The AB test we ran was to determine which order was more effective. "Checkout then Continue Shopping" or "Continue Shopping then Checkout". With a big enough sample of course there was a winner. If we ran the test again multiple times, will the results be the same?
One metric I secretly tracked on the side was which of the buttons where clicked the most; the ones before the list of items in the shopping cart and the ones after. Every single time the bottom ones won. Maybe it's because the user would scroll down to see all the items in the cart first, then make a decision to continue shopping or checkout.
41 shades of blue
It's interesting to see a big company like Google do a large scale AB test to determine the best choice of links color. The part that get briefly mentioned is how it was determined which color is the most effective. "Whichever gets the most click" is boring compare to "41 shades of blue".
Did the user click because of the message on the text or its color. Did the user notice the color at all? If the default colors of a link on the web was yellow, if we tested 41 shades of yellow, how will it affect the result. If we ran the same test twice with the same sample size, would we have the same result?
I used this as an argument for a test I thought was unfair. Every time we ran the same experiment, we received different results. At the end the manager said "let's just go for the cleaner version then".
The Big Data argument
The argument is the bigger your sample size, the truer your result will be. This makes much sense when you are presenting numbers in a meeting. But if we are looking at a user and how he behaves in a situation, and why he behaves as such, we would toss most AB tests out the window.
Let's say we create a page with version A blue links and version B we replace all our links with baby pictures. We might get a higher click rate on version B because, well baby pictures! Or we might get no clicks at all because the Internet is tired of baby pictures. What matters is the story each version generates.
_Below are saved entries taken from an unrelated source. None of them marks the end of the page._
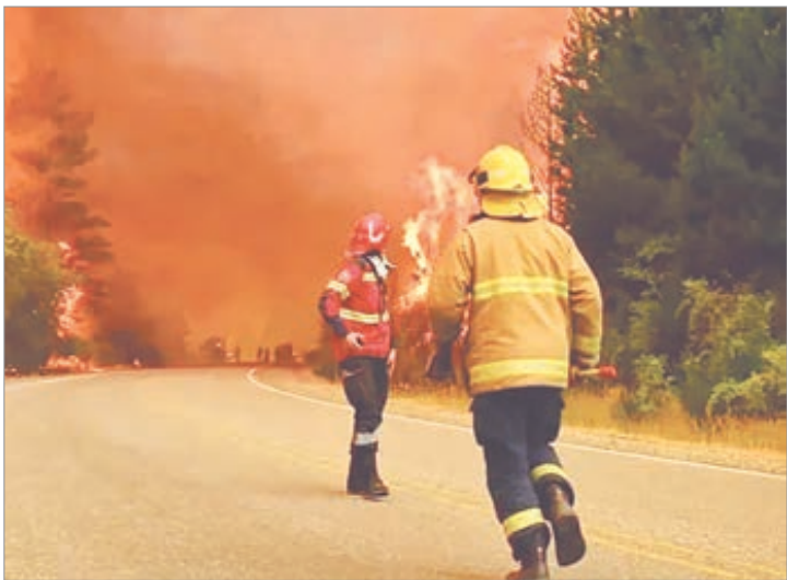
El CEPA cuestiona la reducción de fondos en plena emergencia por incendios en la Patagonia

Especialistas remarcan que el SNMF cumple un rol estratégico en la coordinación de brigadas y provisión de equipamiento. La reducción de fondos, advierten, limita la capacidad de desplegar operativos en simultáneo y sostener la logística necesaria para enfrentar emergencias de gran escala. Desde el CEPA insisten en que el financiamiento adecuado es indispensable para proteger ecosistemas y comunidades.
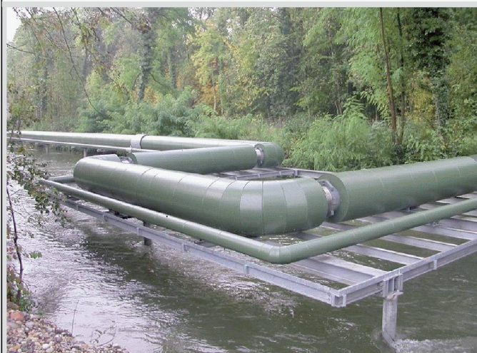
Dampfverbund Solothurn Ost

Wir sorgen für Ihr Wohlbefinden mit Sicherheitslösungen und Gebäudeautomation
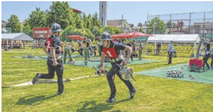
Am Sportplatz der Mittelschule in Waizenkirchen liefen die Feuerwehrler um Pokale.

Beim Bewerb machten sich wieder zahlreiche Zuschauer ein Bild von den Leistungen der Aktiv- und Jugendgruppen und feuerten diese kräftig an. Seitens der Poli-

Having a bigger sample only confirms the story not which button is more effective.
sorry, no baby pictures for you today.
Data can be interpreted in an infinite numbers of ways. I have seen a website that was losing revenue being described as a clear winner in a meeting. There was a 20% drop in traffic every month, but for that particular month, it only dropped by 8%. This was viewed as a 12% increase. In other words, the website had a positive rate of decline compare to the previous month. (8% of a small number is a very significant number)
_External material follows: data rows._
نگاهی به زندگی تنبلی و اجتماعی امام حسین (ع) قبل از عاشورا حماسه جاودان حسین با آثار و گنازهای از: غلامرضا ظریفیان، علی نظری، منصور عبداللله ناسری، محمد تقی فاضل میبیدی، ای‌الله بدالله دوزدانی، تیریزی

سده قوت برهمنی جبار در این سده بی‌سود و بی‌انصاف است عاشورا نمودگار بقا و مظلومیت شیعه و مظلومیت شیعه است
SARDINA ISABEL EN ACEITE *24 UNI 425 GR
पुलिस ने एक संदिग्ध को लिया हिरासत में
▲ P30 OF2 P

AB test metrics have to tell a story. The user clicked on this blue text because he has been trained to recognize blue text as a link. If you change it to red and still get clicks, what is the story behind it? Is it the message of the text that suggest it is a link? or is it because the text before it is of different color?
AB test will bring you more questions then answers. There are too many factors that can influence a click and the metric you use will only give you the tip of the iceberg. If you have a something new to test, you will be better off testing it in a controlled environment.